A recent study suggests that male ghost sharks, also known as chimaeras, use an unusual organ for mating – sharp teeth that grow out on their foreheads.

Unlike other sharks and rays, ghost sharks do not have distinct oral teeth. These ‘forehead rods’, known as tenacula, have retractable teeth studded on them that play a crucial role in mating.

The research was based on a 315-million-year-old fossil with a tenaculum attached to the upper jaw, lined with teeth nearly identical to those found inside a mouth.

About the tenaculum

Researchers say the tenaculum helps males grasp females during reproduction, acting like the mouth full of teeth that other sharks rely on. Found only in males, the forehead appendage is the only source of true teeth in ghost sharks.

“If these strange chimaeras are sticking teeth on the front of their head, it makes you think about the dynamism of tooth development more generally,” said Gareth Fraser, a senior author of the study.

“If chimaeras can make a set of teeth outside the mouth, where else might we find teeth?” he stated.

Juvenile Spotted Ratfish (Hydrolagus colliei) sits in the palm of the hand. Image credit: Gareth J. Fraser, University of Florida

Genes confirm the mystery.

The researchers collected modern ghost sharks from Puget Sound with the same signs: teeth forming on the forehead appendage, much like those inside shark jaws. Genetic tests of the sharks revealed that the tenaculum teeth switch on the same tooth-specific genes used in oral teeth.

Skin denticles are tiny tooth-like scales that cover the shark’s skin. However, CT scans of the sharks gave scientists a detailed view and insight into the structures, confirming they were not just skin denticles, but actual teeth.

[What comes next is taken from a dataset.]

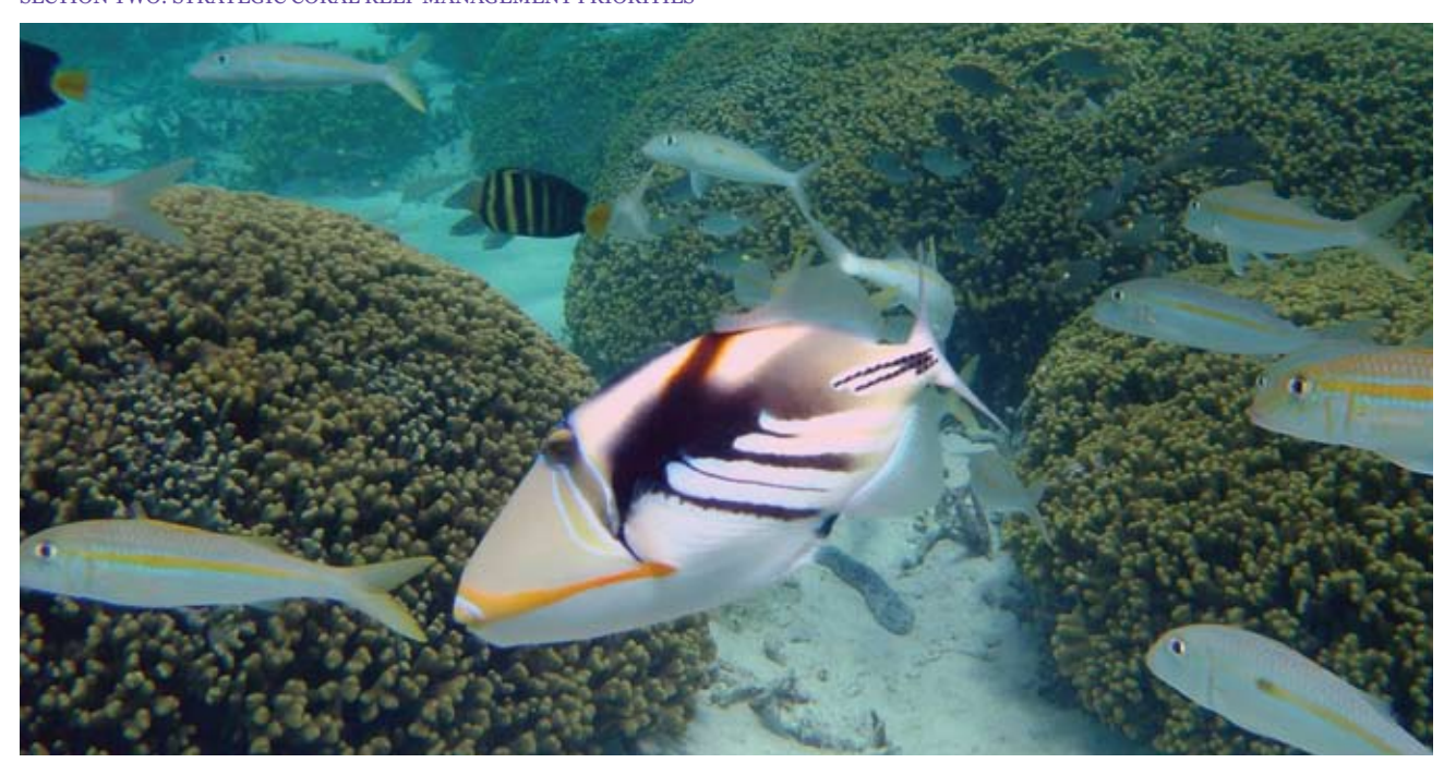
Healthy coral reefs provide important habitat for reef fish.

“What I think is very neat about this project is that it provides a beautiful example of evolutionary tinkering or ‘bricolage,’” said Michael Coates, a professor of biology at the University of Chicago.

“We have a combination of experimental data with paleontological evidence to show how these fishes co-opted a preexisting program for manufacturing teeth to make a new device essential for reproduction,” he continued.

Evolution’s strange solution

“This insane, spectacular feature flips the long-standing assumption in evolutionary biology that teeth are strictly oral structures,” said Karly Cohen, a UW postdoctoral researcher at the University of Washington’s Friday Harbor Labs.

“The tenaculum is a developmental relic, not a bizarre one-off, and the first clear example of a toothed structure outside the jaw,” she stated.

Ghost sharks, which live in deep waters and are rarely seen, have long been a fascinating subject for biologists, thanks to their strange features. This discovery of forehead teeth highlights how little we know about life in the deep sea — and how evolution continues to surprise.

“There are still plenty of surprises down in the ocean depths that we have yet to uncover,” Fraser said.

The findings were published in Proceedings of the National Academy of Sciences.